Голос Тэбби вырвал меня из мечтательной эйфории, и я обернулась, ощутив вдруг головокружение и слабость. Тэбби поставила поднос и подбежала ко мне. В глазах двоилось, но я видела, что она испугана и встревожена. Она заключила меня в объятия, и мне на секунду показалось, что это Фанни пришла забрать меня домой, и я снова расплакалась.
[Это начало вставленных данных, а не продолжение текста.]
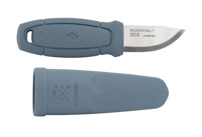 The ergonomic barrel-shaped polymer handle has a finger protection to minimize cuts. Thanks to the handle and knife blade construction, you can work safely with the knife in all the different weather conditions of the year. The polymer knife sheath is symmetrical, which means that it fits both right- and left-handed users. Made in Mora, Sweden.
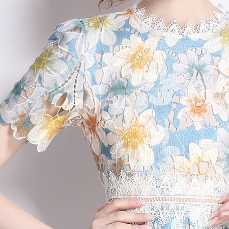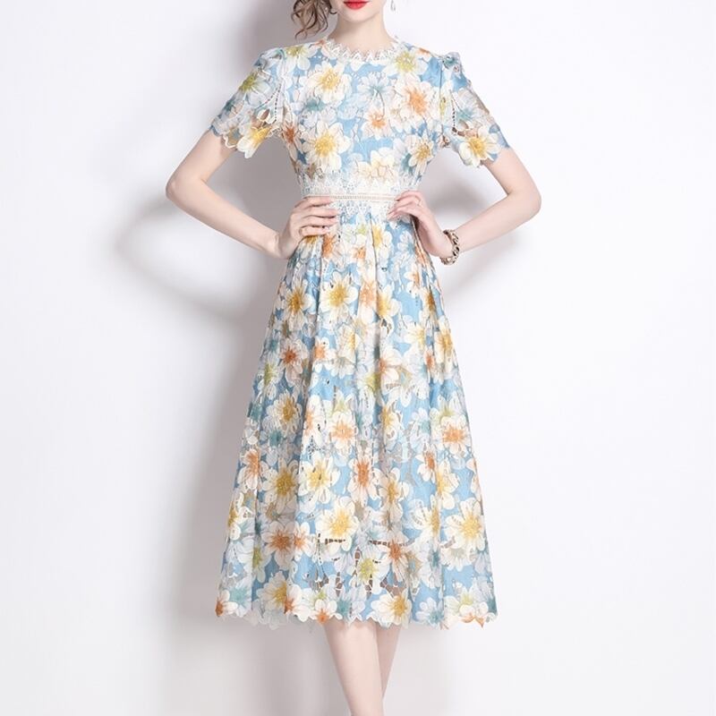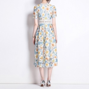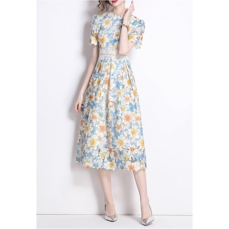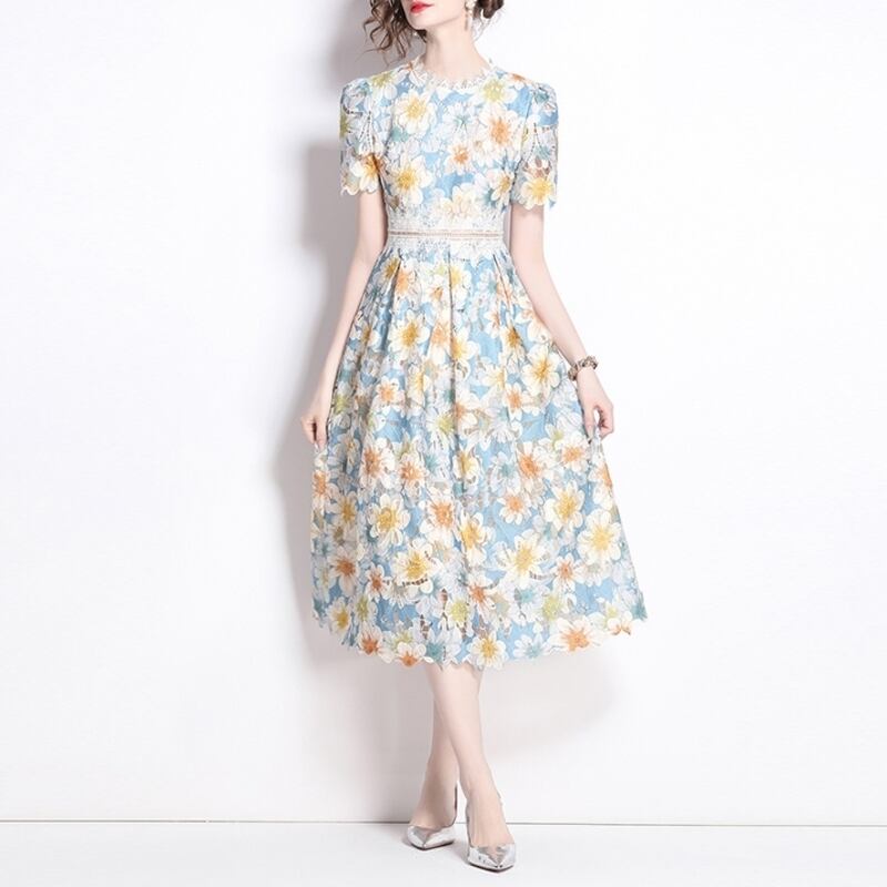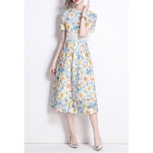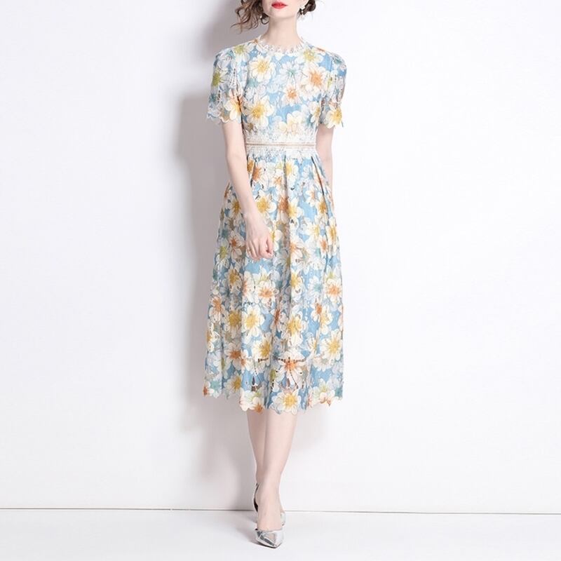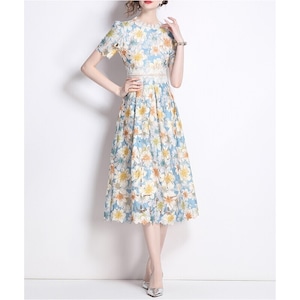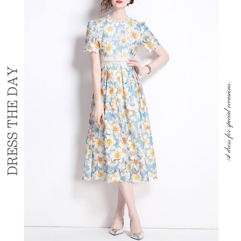 繊細な総レース仕立てで、裾の透け感が魅力的なフラワー柄ドレスです。スカートはタック入りの上品なフレア感が魅力的で、シックな配色が大人かわいい印象を与えます。普段使いから特別な日のコーディネートまで幅広く活躍しますので、どんな場面でもあなたを引き立ててくれること間違いなしです!

— Ах, мэм! — поддерживая одной рукой за талию, она почти отнесла меня на кровать. — Просто прилягте на минутку, мэм. Я сейчас все сделаю. — Взволнованно кудахча, она захлопнула окно и стала укрывать меня одеялами, не успела я и слова сказать. — Ну надо же, стоите тут на холоде, совсем без ничего, так и помереть недолго, мэм! Только подумайте, что бы сказал мистер Честер, если б узнал, а вы такая легонькая, прямо как перышко. И так мало кушаете, совсем мало, мэм, ах, что же…
— Пожалуйста, Тэбби, — с тихим смехом перебила я. — Не волнуйся ты так. Я уже вполне здорова. И я люблю свежий воздух.